Re: By The Dawn's Normal Light

From: Marshall Spight <mspight_at_dnai.com>
Date: Sun, 24 Oct 2004 04:54:35 GMT
Message-ID: <fAGed.415657$mD.319798_at_attbi_s02>


"Dawn M. Wolthuis" <dwolt_at_tincat-group.comREMOVE> wrote in message news:clecle$p04$1_at_news.netins.net...
> "Marshall Spight" <mspight_at_dnai.com> wrote in message
> news:ZMxed.303809$D%.296516_at_attbi_s51...
>
> > Sometimes you have ordered data, and sometimes you have unordered
> > data. Which primitive operations you want depends on which one
> > you have. Each model handles one well and ignores the other.
> >
> > I propose that the ideal model would handle both, and have
> > relatively simple ways of transforming one into the other.
>
> I'm in.

Deal!

> > Lists are simpler and sometimes therefore the better choice.
> > Relations are more powerful, but that can mean more
> > complexity than you need.
>
> Functions are even more powerful -- you know you have a unique primary key
> that, effectively, maps to the remainder of the data for that, uh, record.
> I'm not sure what the current view of that is with relations, but I believe
> that each relation must have one or more (sets of) candidate keys. In that
> case, we can view them as functions as well, choosing one of the candidate
> key sets as the "from" and the remainder of the attributes as the "to".

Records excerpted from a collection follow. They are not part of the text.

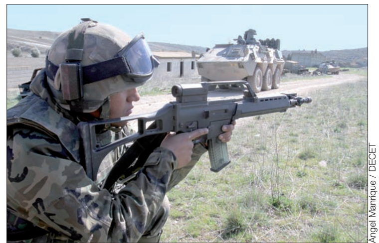
Los contingentes se adiestran con el mayor realismo posible

Para la Brigada de Infantería Acorazada "Guadarrama" XII, el de marzo fue un mes muy intenso. Primero, su Cuartel General tuvo un ejercicio de Puestos de Mando en los simuladores del CENAD y, poco después, las unidades operativas, incluidas las del Grupo Táctico Ligero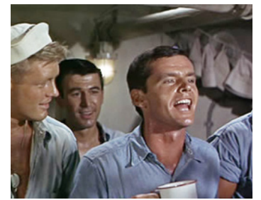
1964 ENSIGN PULVER de Joshua Logan avec Robert Walker Jr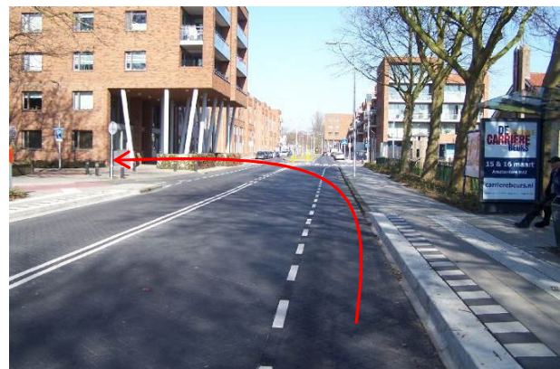
Ga de eerste straat linksaf de Hoogwerfsingel in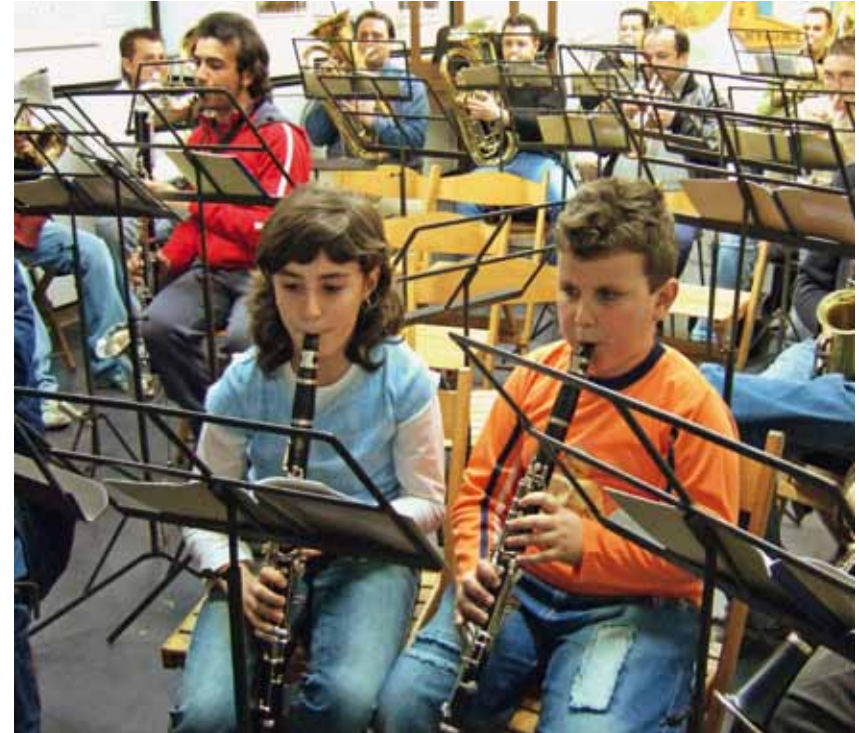
Banda-Probe – schon die Kinder erproben hier ihr Talent

— Die Banda leistete einen wichtigen Beitrag zur Popularisierung von Verdi und anderen Opernkomponisten. In jedem Dorf, in jedem Stadtviertel entstand eine Banda municipale, die sich von der Banda militare darin unterschied, dass sie zur Zivilgesellschaft gehörten und sich überwiegend aus Laienmusikern zusammen-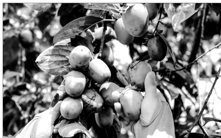
Hiện nay, toàn thôn Yên Du có 80 hộ trồng hồng với diện tích khoảng 40 ha.

Những ngày này, bà con thôn Yên Du, xã Đức Lĩnh (Vũ Quang) đang bước vào mùa thu hoạch hồng giòn chính vụ. Được mùa, giá bán lại cao nên nhiều nông dân nơi đây “bỏ túi” hàng trăm triệu đồng.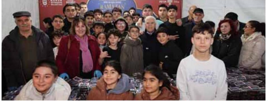
ekipler tarafından iftara yetişemeyen vatandaşlara iftariyelik dağıtılıyor.

Büyükşehir Belediyesi, geçtiğimiz yıl olduğu gibi bu yıl da Ramazan ayının bereketini, kentin tamamına yayıyor. Her yıl 3 sabit alanda belirlenen iftar noktalarını bu yıl 4'e çıkaran Büyükşehir Belediyesi, Emir Sultan, İnegöl İshakpaşa BURULAŞ Otoparkı, Fomara Fevzi Çakmak Katlı Otoparkı ve Değirmenönü Mahallesi'nde her gün binlerce kişiye iftar yemeği ikram ediyor. Vatandaşlar, Ramazan'ın ilk gününde Bursa Büyükşehir Belediyesi'nin oluşturduğu iftar sofralarında oruçlarını hep birlikte açtı. Bursa Büyükşehir Belediyesi tarafından sosyal belediyecilik örneği olarak kente kazandırılan 3 Kent Lokantası da Ramazan boyunca ihtiyaç sahiplerine ücretsiz olarak hizmet veriyor. Kentin 14 ayrı noktasında ise her gün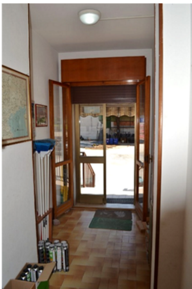
foto 12 - sub 1 (ingresso lato) - L'ingresso più frequentato dalla clientela è quello laterale.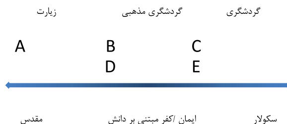
شکل ۱. زنجیره زیارت و گردشگری (اسمیت، ۱۹۹۲)

الگو نشان‌دهنده تمایلات و علایق متغیر مسافران است که می‌توانند در برهه‌ای گردشگر و در زمانی زائر باشند، بدون آنکه خود نیز از این امر آگاه باشند.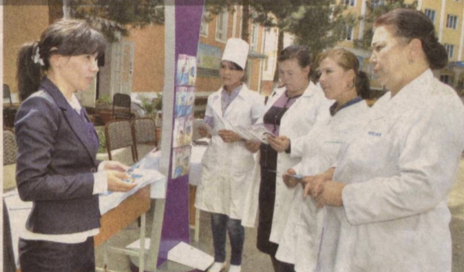
Қўқон шаҳар тиббиёт коллежида бўлиб ўтган меҳнат ярмаркасидаги манзара буткул ўзгача.

Мутасаддининг гапига ишонмадик. Сабоби айтганлари рост бўлганда эди, бир ҳафтада ишсизлик билан боғлиқ 1 минг 172 та муаммони аниқламаган бўлардик. Ҳўжакурсинлик ҳам эви билан-да!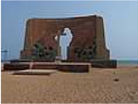
Le monument du jubilé 2000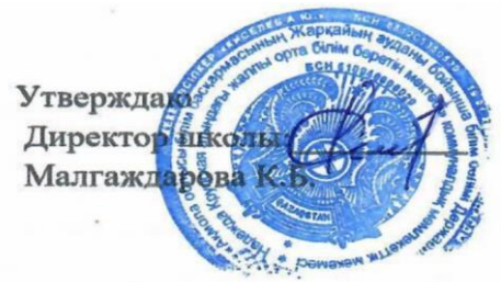
График СОР и СОЧ за 1 четверть на 2022-2023 учебный год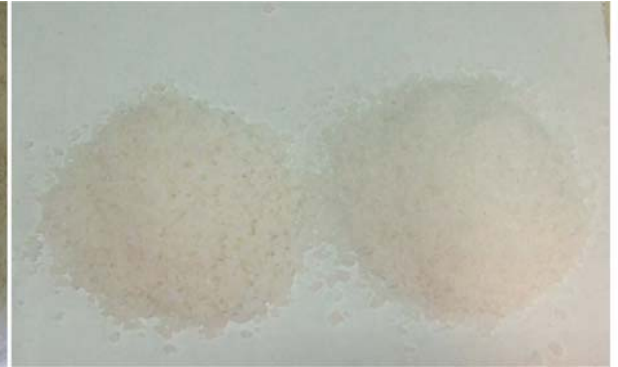
Figur 3.11. Viser nytt salt (venstre) og brukt salt (høyre). Her er saltet benyttet til tørrsalting av injisert filet, ca. 1. kg pr kg fisk.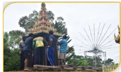
ภาพที่ 31 ขั้นตอนที่ 16 การยกหมเรือ Figure 31. Step: Lifting Nom Ruer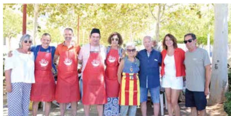
Concurs de Guisat de Sant Roc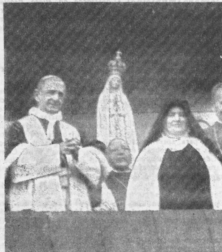
Uma fotografia que ficará para todo o sempre: — o Santo Padre Paulo VI e a vidente Irmã Lúcia, com a imagem alvinitente da Virgem de Fátima a abençoá-los, no inesquecível 13 de Maio de 1967.

O Papa veio a Fátima. E veio como um simples peregrino, orar, pleno de caridade, pela Paz do Mundo.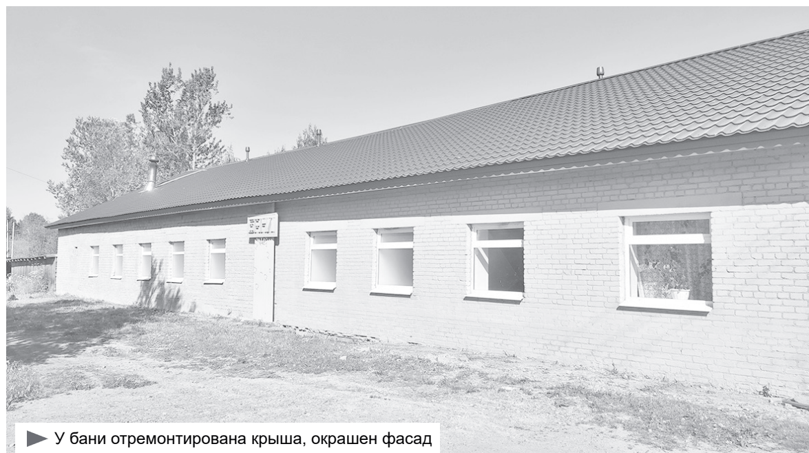
► У бани отремонтирована крыша, окрашен фасад

Какие же изменения произошли за 2023 год в социально-экономической жизни Важинского поселения? Начнём с того, что с 1 января 2023 года общая числен-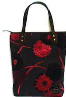
CZA 038RD ジニア・レッド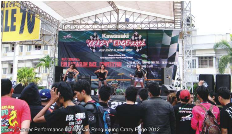
Sexy Dancer Performance Hangatkan Pengunjung Crazy Edge 2012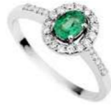
Art. AS34 Sme.ct.0,17 Diam. ct.0,15 Gold 18 kt gr. 2,30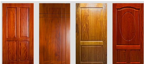
Puertas de producción local en Caoba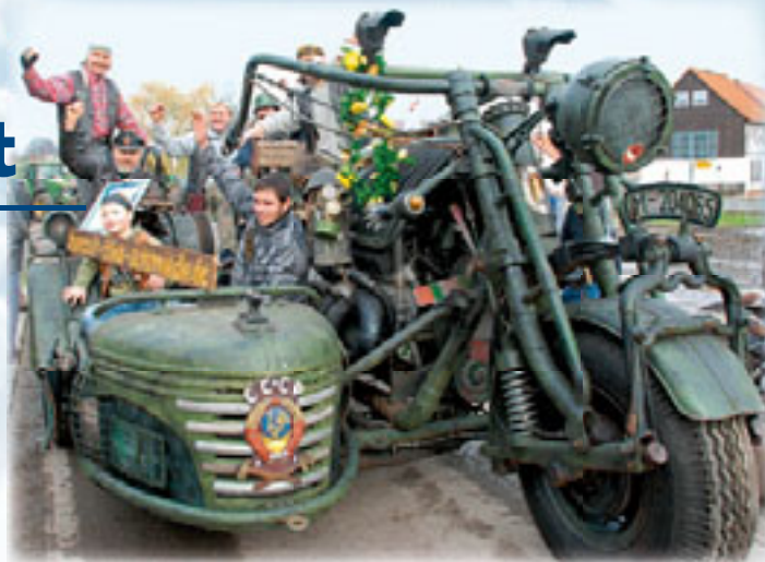
Mit 4,74 Tonnen Eigengewicht das mächtigste Motorrad der Welt

Ein Meilenstein ihrer Arbeit ist ohne Zweifel der Bau eines Riesenmotorrades. Mit 4,74 Tonnen Eigengewicht und einem Hubraum von 38.000 Kubikzentimetern wurde dieser imposante Koloss im November 2007 mit großem Aufsehen für das „Guinness Buch der Rekorde 2008“ gekürt. Hergestellt aus heute unbrauchbar gewordener Technik der ehemaligen russischen Roten Armee soll dieser Gigant in erster Linie als Symbol für die Abrüstung und den Frieden in der Welt stehen. Zahlreiche Fernsehauftritte, Zeitungsberichte und Glückwünsche aus aller Welt folgten und machten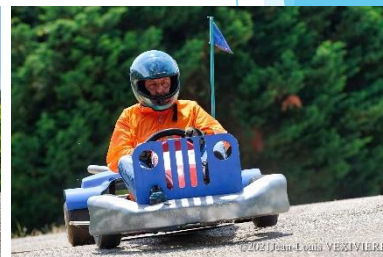
2° course de caisses à savon le 27 juin

Soirée « Vive la vie » de la Compagnie Pericard le 9 juillet dans la cour de l'école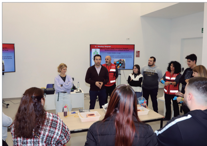
El delegado de Salud y la edil de Participación Ciudadana en uno de los talleres.

Desde el área de Salud llevan a cabo esta formación para que las personas participantes sean capaces de detectar, analizar y abordar de forma eficiente situaciones de emergencias que puedan darse en su futuro entorno laboral o en su vida diaria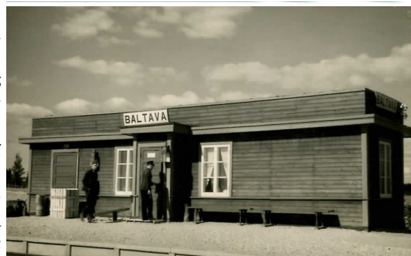
Baltavas stacija 1939.gadā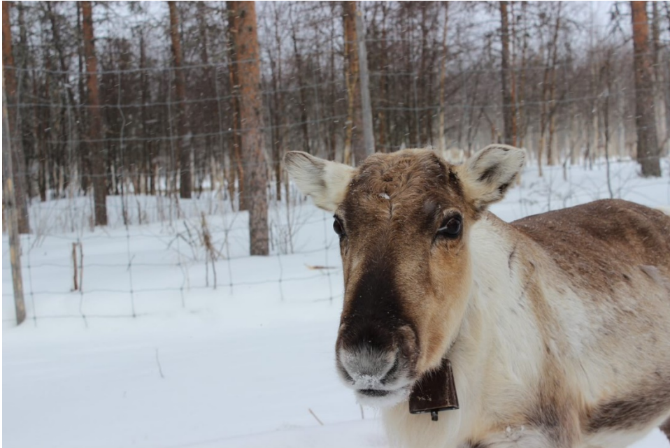
Kuva 3. Poro on eksoottinen eläin myös monelle suomalaiselle.

17 tilalla (kuvat 1, 2 ja 3). Suurin osa tiloista on mukana siksi, että he haluavat lisätuloja matkailusta tilan kannattavuuden parantamiseksi.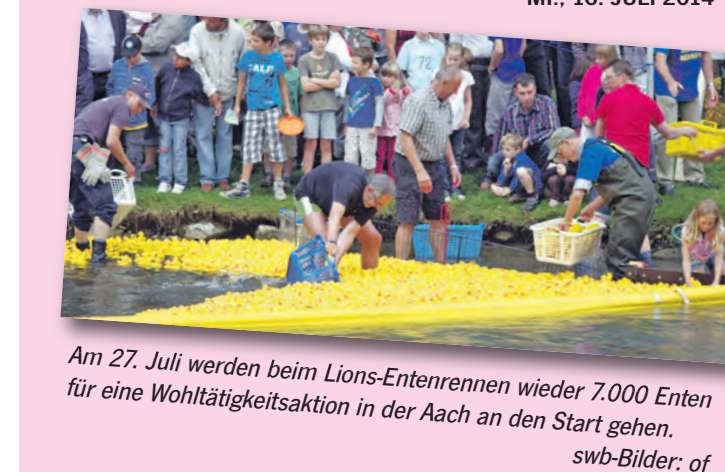
Am 27. Juli werden beim Lions-Entenrennen wieder 7.000 Enten für eine Wohltätigkeitsaktion in der Aach an den Start gehen.

I guess I'm not sure what "the current view" is either, but I would certainly insist that relations have at least one candidate key, and thus function is a subtype of relation.

I am reminded of a term Joshua Bloch uses: the "power to weight ratio." (Here "weight" is conceptual weight.) Lists, functions, and relations all do very well by this measure.